Visiblement lui ignorait tout de moi. C'était probablement ce Jacob Black dont elle m'avait parlé. Merveilleux, l'homme à côté de lui était donc le fils d'Ephraim Black. Et lui n'avait aucun doute sur mon identité.

« Que fait ce monstre dans une voiture avec Bella ? Ils ne sont pas censés s'approcher des humains. Qu'est-il en train de faire ? Bella sors de cette voiture ! »

Devant mon air probablement inquiet, Bella descendit de la voiture et se précipita dehors.

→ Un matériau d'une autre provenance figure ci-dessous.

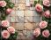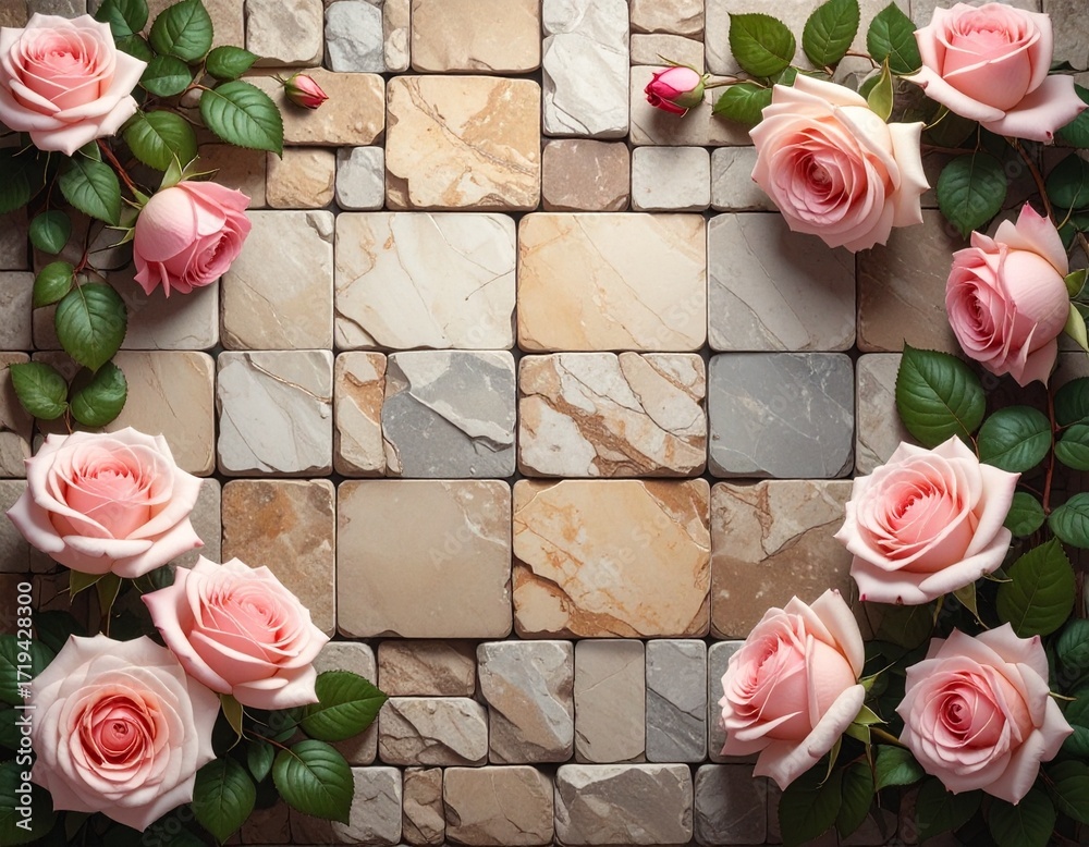 Naklejki Kamień - Różowe róże tworzące obramowanie na ścianie z prostokątnych, regularnych kamieni #1719428300

« Croit-il que nous avons oublié le traité. Croit-il que nous avons tout oublié d'eux ? Est-ce donc pour ça qu'ils sont revenus à Forks ? Eh bien il se trompe. Ils se trompent tous. On les surveille de près. Bon sang Bella que faisais-tu avec ce suceur de sang ! Il va falloir surveiller ça de près »

Décidément ces chiens ne nous laisseraient jamais en paix ma famille et moi. Mais c'était bien naturel pour qui connaissait notre vraie nature. Une réaction bien plus saine que celle de Bella. Mais je détestais les images de souffrance auxquelles le vieux Black avant pensé. Comment pouvait-il imaginer que je lui fasse du mal ? Je me méfiais néanmoins, l'exposition me forcerait à quitter Forks… à quitter Bella… et ceci m'était insupportable. Frustré, je mis le contact et fis demi-tour. Inutile que le chef Swan assiste à cette scène.